> _What to work on_:
Every line of the data should be written out exactly, with the pictures left out.

(Provided material Opens)

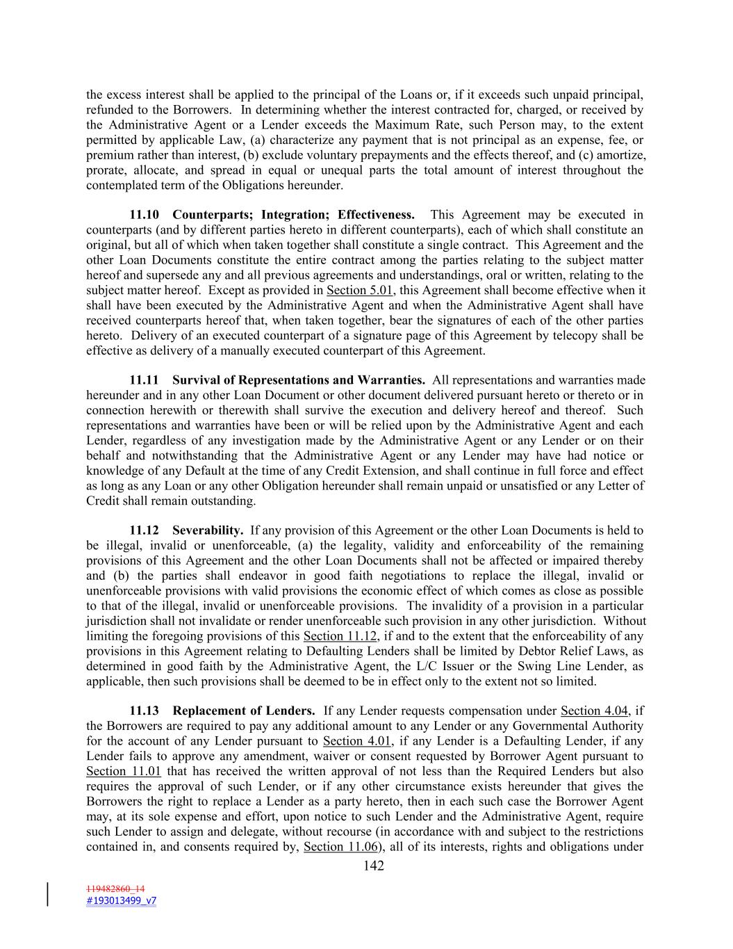 the excess interest shall be applied to the principal of the Loans or, if it exceeds such unpaid principal, refunded to the Borrowers. In determining whether the interest contracted for, charged, or received by the Administrative Agent or a Lender exceeds the Maximum Rate, such Person may, to the extent permitted by applicable Law, (a) characterize any payment that is not principal as an expense, fee, or premium rather than interest, (b) exclude voluntary prepayments and the effects thereof, and (c) amortize, prorate, allocate, and spread in equal or unequal parts the total amount of interest throughout the contemplated term of the Obligations hereunder. 11.10 Counterparts; Integration; Effectiveness. This Agreement may be executed in counterparts (and by different parties hereto in different counterparts), each of which shall constitute an original, but all of which when taken together shall constitute a single contract. This Agreement and the other Loan Documents constitute the entire contract among the parties relating to the subject matter hereof and supersede any and all previous agreements and understandings, oral or written, relating to the subject matter hereof. Except as provided in Section 5.01, this Agreement shall become effective when it shall have been executed by the Administrative Agent and when the Administrative Agent shall have received counterparts hereof that, when taken together, bear the signatures of each of the other parties hereto. Delivery of an executed counterpart of a signature page of this Agreement by telecopy shall be effective as delivery of a manually executed counterpart of this Agreement. 11.11 Survival of Representations and Warranties. All representations and warranties made hereunder and in any other Loan Document or other document delivered pursuant hereto or thereto or in connection herewith or therewith shall survive the execution and delivery hereof and thereof. Such representations and warranties have been or will be relied upon by the Administrative Agent and each Lender, regardless of any investigation made by the Administrative Agent or any Lender or on their behalf and notwithstanding that the Administrative Agent or any Lender may have had notice or knowledge of any Default at the time of any Credit Extension, and shall continue in full force and effect as long as any Loan or any other Obligation hereunder shall remain unpaid or unsatisfied or any Letter of Credit shall remain outstanding. 11.12 Severability. If any provision of this Agreement or the other Loan Documents is held to be illegal, invalid or unenforceable, (a) the legality, validity and enforceability of the remaining provisions of this Agreement and the other Loan Documents shall not be affected or impaired thereby and (b) the parties shall endeavor in good faith negotiations to replace the illegal, invalid or unenforceable provisions with valid provisions the economic effect of which comes as close as possible to that of the illegal, invalid or unenforceable provisions. The invalidity of a provision in a particular jurisdiction shall not invalidate or render unenforceable such provision in any other jurisdiction. Without limiting the foregoing provisions of this Section 11.12, if and to the extent that the enforceability of any provisions in this Agreement relating to Defaulting Lenders shall be limited by Debtor Relief Laws, as determined in good faith by the Administrative Agent, the L/C Issuer or the Swing Line Lender, as applicable, then such provisions shall be deemed to be in effect only to the extent not so limited. 11.13 Replacement of Lenders. If any Lender requests compensation under Section 4.04, if the Borrowers are required to pay any additional amount to any Lender or any Governmental Authority for the account of any Lender pursuant to Section 4.01, if any Lender is a Defaulting Lender, if any Lender fails to approve any amendment, waiver or consent requested by Borrower Agent pursuant to Section 11.01 that has received the written approval of not less than the Required Lenders but also requires the approval of such Lender, or if any other circumstance exists hereunder that gives the Borrowers the right to replace a Lender as a party hereto, then in each such case the Borrower Agent may, at its sole expense and effort, upon notice to such Lender and the Administrative Agent, require such Lender to assign and delegate, without recourse (in accordance with and subject to the restrictions contained in, and consents required by, Section 11.06), all of its interests, rights and obligations under 142 119482860_14 #193013499_v7
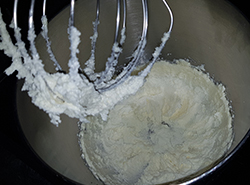Zucker, Fett und Eier zusammen cremig schlagen.
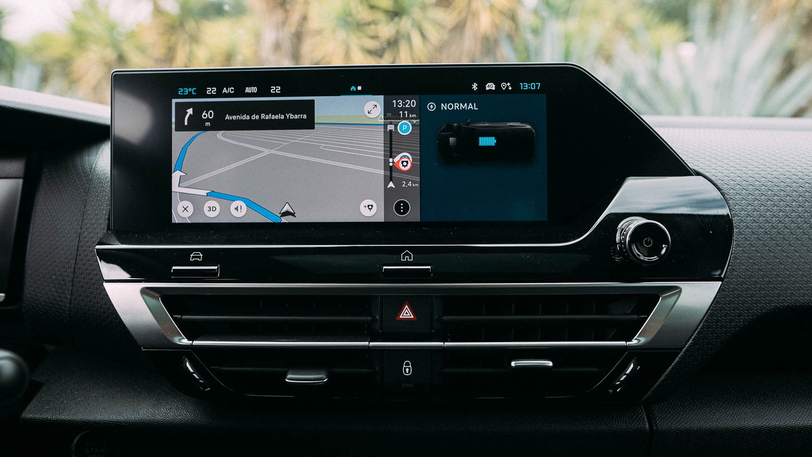 El reconocimiento por voz puede realizarse con un lenguaje natural, tiene conectividad con Apple CarPlay y Android, una bandeja de carga y cuatro tomas USB de tipo A y C, dos delante y dos detrás.

(Provided material Closes)

> _Written solution_:
 the excess interest shall be applied to the principal of the Loans or, if it exceeds such unpaid principal, refunded to the Borrowers. In determining whether the interest contracted for, charged, or received by the Administrative Agent or a Lender exceeds the Maximum Rate, such Person may, to the extent permitted by applicable Law, (a) characterize any payment that is not principal as an expense, fee, or premium rather than interest, (b) exclude voluntary prepayments and the effects thereof, and (c) amortize, prorate, allocate, and spread in equal or unequal parts the total amount of interest throughout the contemplated term of the Obligations hereunder. 11.10 Counterparts; Integration; Effectiveness. This Agreement may be executed in counterparts (and by different parties hereto in different counterparts), each of which shall constitute an original, but all of which when taken together shall constitute a single contract. This Agreement and the other Loan Documents constitute the entire contract among the parties relating to the subject matter hereof and supersede any and all previous agreements and understandings, oral or written, relating to the subject matter hereof. Except as provided in Section 5.01, this Agreement shall become effective when it shall have been executed by the Administrative Agent and when the Administrative Agent shall have received counterparts hereof that, when taken together, bear the signatures of each of the other parties hereto. Delivery of an executed counterpart of a signature page of this Agreement by telecopy shall be effective as delivery of a manually executed counterpart of this Agreement. 11.11 Survival of Representations and Warranties. All representations and warranties made hereunder and in any other Loan Document or other document delivered pursuant hereto or thereto or in connection herewith or therewith shall survive the execution and delivery hereof and thereof. Such representations and warranties have been or will be relied upon by the Administrative Agent and each Lender, regardless of any investigation made by the Administrative Agent or any Lender or on their behalf and notwithstanding that the Administrative Agent or any Lender may have had notice or knowledge of any Default at the time of any Credit Extension, and shall continue in full force and effect as long as any Loan or any other Obligation hereunder shall remain unpaid or unsatisfied or any Letter of Credit shall remain outstanding. 11.12 Severability. If any provision of this Agreement or the other Loan Documents is held to be illegal, invalid or unenforceable, (a) the legality, validity and enforceability of the remaining provisions of this Agreement and the other Loan Documents shall not be affected or impaired thereby and (b) the parties shall endeavor in good faith negotiations to replace the illegal, invalid or unenforceable provisions with valid provisions the economic effect of which comes as close as possible to that of the illegal, invalid or unenforceable provisions. The invalidity of a provision in a particular jurisdiction shall not invalidate or render unenforceable such provision in any other jurisdiction. Without limiting the foregoing provisions of this Section 11.12, if and to the extent that the enforceability of any provisions in this Agreement relating to Defaulting Lenders shall be limited by Debtor Relief Laws, as determined in good faith by the Administrative Agent, the L/C Issuer or the Swing Line Lender, as applicable, then such provisions shall be deemed to be in effect only to the extent not so limited. 11.13 Replacement of Lenders. If any Lender requests compensation under Section 4.04, if the Borrowers are required to pay any additional amount to any Lender or any Governmental Authority for the account of any Lender pursuant to Section 4.01, if any Lender is a Defaulting Lender, if any Lender fails to approve any amendment, waiver or consent requested by Borrower Agent pursuant to Section 11.01 that has received the written approval of not less than the Required Lenders but also requires the approval of such Lender, or if any other circumstance exists hereunder that gives the Borrowers the right to replace a Lender as a party hereto, then in each such case the Borrower Agent may, at its sole expense and effort, upon notice to such Lender and the Administrative Agent, require such Lender to assign and delegate, without recourse (in accordance with and subject to the restrictions contained in, and consents required by, Section 11.06), all of its interests, rights and obligations under 142 119482860_14 #193013499_v7
Zucker, Fett und Eier zusammen cremig schlagen.
 El reconocimiento por voz puede realizarse con un lenguaje natural, tiene conectividad con Apple CarPlay y Android, una bandeja de carga y cuatro tomas USB de tipo A y C, dos delante y dos detrás.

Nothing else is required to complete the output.